§ **WHAT THE EXERCISE ASKS**
Below are some records; give them all again exactly, but not the pictures.

[Items from a dataset]

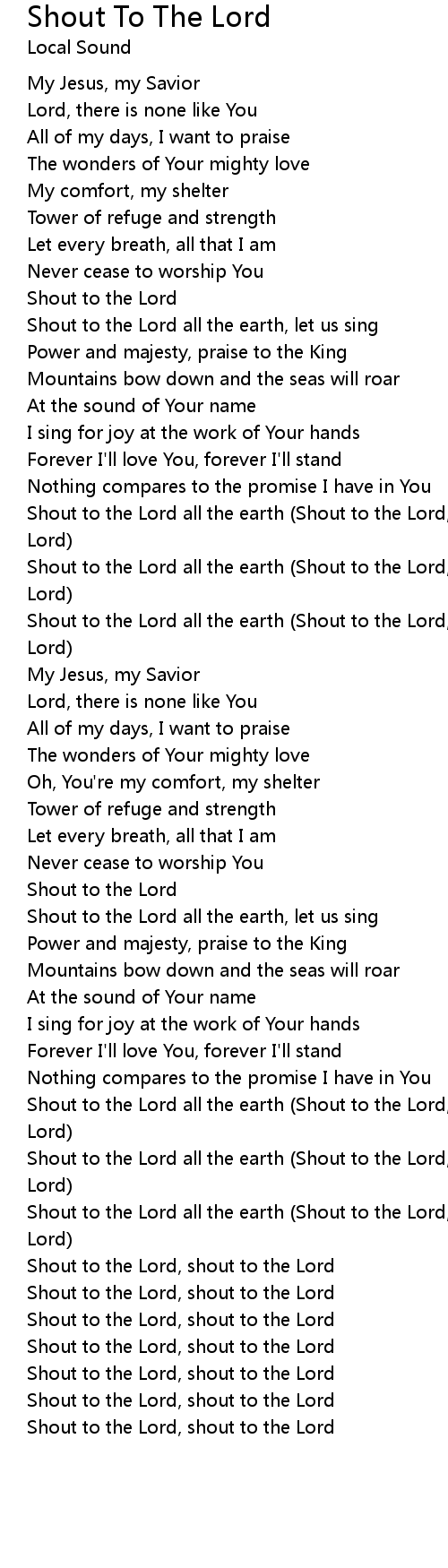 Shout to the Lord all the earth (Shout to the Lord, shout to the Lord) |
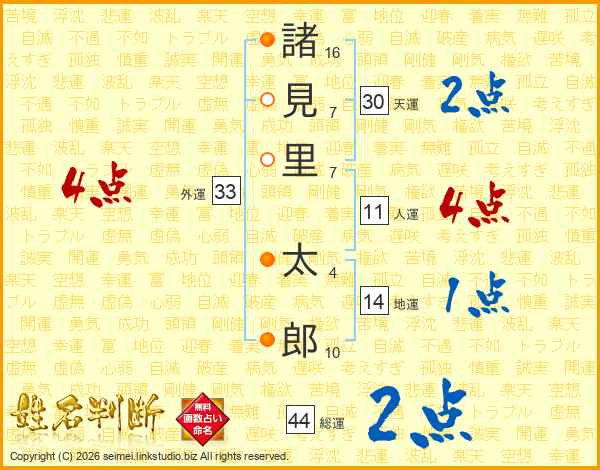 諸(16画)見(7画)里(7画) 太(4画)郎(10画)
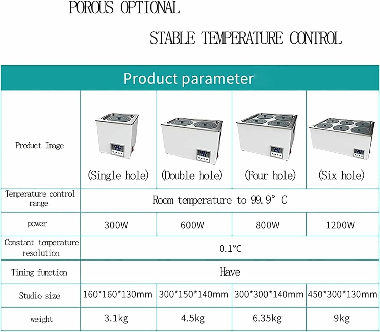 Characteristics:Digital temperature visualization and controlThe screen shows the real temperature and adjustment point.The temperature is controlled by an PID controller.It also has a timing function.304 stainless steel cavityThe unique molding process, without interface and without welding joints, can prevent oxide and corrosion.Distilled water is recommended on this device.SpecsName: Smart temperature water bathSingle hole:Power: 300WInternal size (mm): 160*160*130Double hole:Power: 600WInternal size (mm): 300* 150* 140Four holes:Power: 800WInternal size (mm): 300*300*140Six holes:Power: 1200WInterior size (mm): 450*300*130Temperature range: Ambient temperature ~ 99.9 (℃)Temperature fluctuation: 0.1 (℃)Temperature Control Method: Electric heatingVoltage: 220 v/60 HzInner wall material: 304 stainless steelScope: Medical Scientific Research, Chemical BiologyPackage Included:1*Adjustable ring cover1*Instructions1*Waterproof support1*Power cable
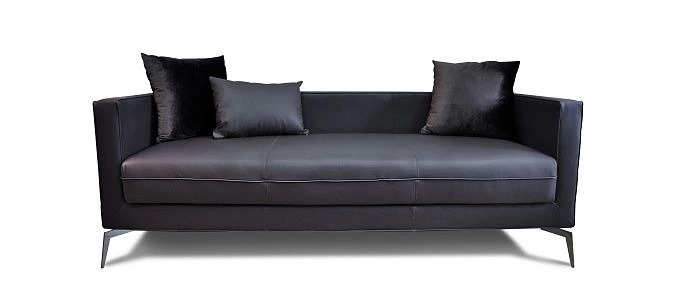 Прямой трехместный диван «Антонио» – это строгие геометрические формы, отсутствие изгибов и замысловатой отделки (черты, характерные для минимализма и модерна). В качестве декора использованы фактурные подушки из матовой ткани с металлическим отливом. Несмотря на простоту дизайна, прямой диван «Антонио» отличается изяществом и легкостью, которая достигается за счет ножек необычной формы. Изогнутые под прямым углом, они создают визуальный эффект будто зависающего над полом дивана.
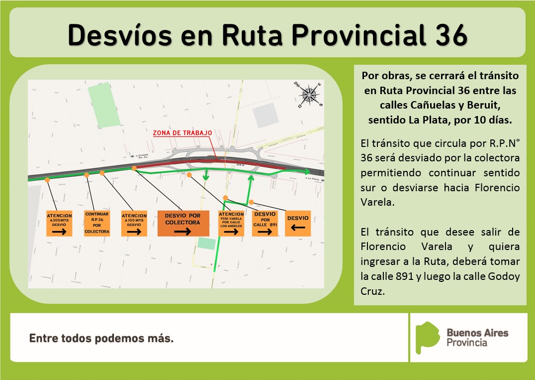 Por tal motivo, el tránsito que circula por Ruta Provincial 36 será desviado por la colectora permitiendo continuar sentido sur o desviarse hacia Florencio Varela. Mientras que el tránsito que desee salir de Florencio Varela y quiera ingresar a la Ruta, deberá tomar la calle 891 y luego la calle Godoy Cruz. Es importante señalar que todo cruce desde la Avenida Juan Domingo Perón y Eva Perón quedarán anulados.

§ **RESPONSE TO THIS EXERCISE**
 Shout to the Lord all the earth (Shout to the Lord, shout to the Lord) |
 諸(16画)見(7画)里(7画) 太(4画)郎(10画)
 Characteristics:Digital temperature visualization and controlThe screen shows the real temperature and adjustment point.The temperature is controlled by an PID controller.It also has a timing function.304 stainless steel cavityThe unique molding process, without interface and without welding joints, can prevent oxide and corrosion.Distilled water is recommended on this device.SpecsName: Smart temperature water bathSingle hole:Power: 300WInternal size (mm): 160*160*130Double hole:Power: 600WInternal size (mm): 300* 150* 140Four holes:Power: 800WInternal size (mm): 300*300*140Six holes:Power: 1200WInterior size (mm): 450*300*130Temperature range: Ambient temperature ~ 99.9 (℃)Temperature fluctuation: 0.1 (℃)Temperature Control Method: Electric heatingVoltage: 220 v/60 HzInner wall material: 304 stainless steelScope: Medical Scientific Research, Chemical BiologyPackage Included:1*Adjustable ring cover1*Instructions1*Waterproof support1*Power cable
 Прямой трехместный диван «Антонио» – это строгие геометрические формы, отсутствие изгибов и замысловатой отделки (черты, характерные для минимализма и модерна). В качестве декора использованы фактурные подушки из матовой ткани с металлическим отливом. Несмотря на простоту дизайна, прямой диван «Антонио» отличается изяществом и легкостью, которая достигается за счет ножек необычной формы. Изогнутые под прямым углом, они создают визуальный эффект будто зависающего над полом дивана.
 Por tal motivo, el tránsito que circula por Ruta Provincial 36 será desviado por la colectora permitiendo continuar sentido sur o desviarse hacia Florencio Varela. Mientras que el tránsito que desee salir de Florencio Varela y quiera ingresar a la Ruta, deberá tomar la calle 891 y luego la calle Godoy Cruz. Es importante señalar que todo cruce desde la Avenida Juan Domingo Perón y Eva Perón quedarán anulados.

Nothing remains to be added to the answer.